The Centre for International and Regional Studies (CIRS) under Georgetown University in Qatar is celebrating its 10-year anniversary issuing a commemorative report that presents archival data on its research accomplishments for the past 10 years. Since its establishment in 2007, CIRS has sponsored and supported major cross-disciplinary research initiatives focused on the Gulf, the Middle East and Asia.
CIRS’s goal is to explore questions related to the Gulf region, the broader Middle East, and Asia through supporting original and theoretically informed research. CIRS, the premier research institute of Georgetown University in Qatar, is devoted to the academic study of regional and international issues through dialogue and exchange of ideas, research and scholarship, and engagement with national and international scholars, opinion makers, practitioners, and activists.

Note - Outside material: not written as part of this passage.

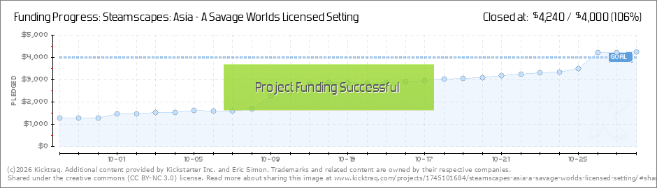 Historical Asian Steampunk! The second of the major setting books for the Steamscapes RPG setting.

The centre sponsors major studies of regional and international significance by regularly identifying emerging socioeconomic and political trends, and developing research initiatives towards further focused scholarship. Over the past decade, the institute has published 29 books, 19 peer reviewed papers, and 32 summary reports across a broad range of topics, from food security in the Gulf to arts and cultural production in the GCC.
Director of CIRS Dr Mehran Kamrava recalled the beginning of the centre with gratitude and appreciation on how it all started from humble beginnings. “It was a learning experience, because up until the early 2000s the Gulf region was not seen as an important and consequential area of research. I discovered how important and dynamic this region is in terms of developments and their repercussions elsewhere. I also learned what a blind spot it had been in terms of the broader study of the Middle East. We were fortunate to be able to fill a huge gap and to use our location, resources and our team as a basis of comparative advantage to that end.” 
CIRS has pioneered pushing the limits, expanding its foundation of contributors, bringing in unconventional participants. The centre invites practitioners or nonacademic guests, in addition to academic researchers, to take part in its discussions and study groups because “they agitate different parts of our brains and help us think differently,” says Dr Kamrava. 
“They are in contact with everyday issues and problems, and sometimes academics, myself included, can get so bogged down in abstractions and in footnotes. We need constant reminders of what is actually happening in the world outside in the realm of policy makers, journalism and practitioners so that we don’t get caught in an academic echo chamber and to make sure that the impact of the topic that we study can be magnified,”  he added.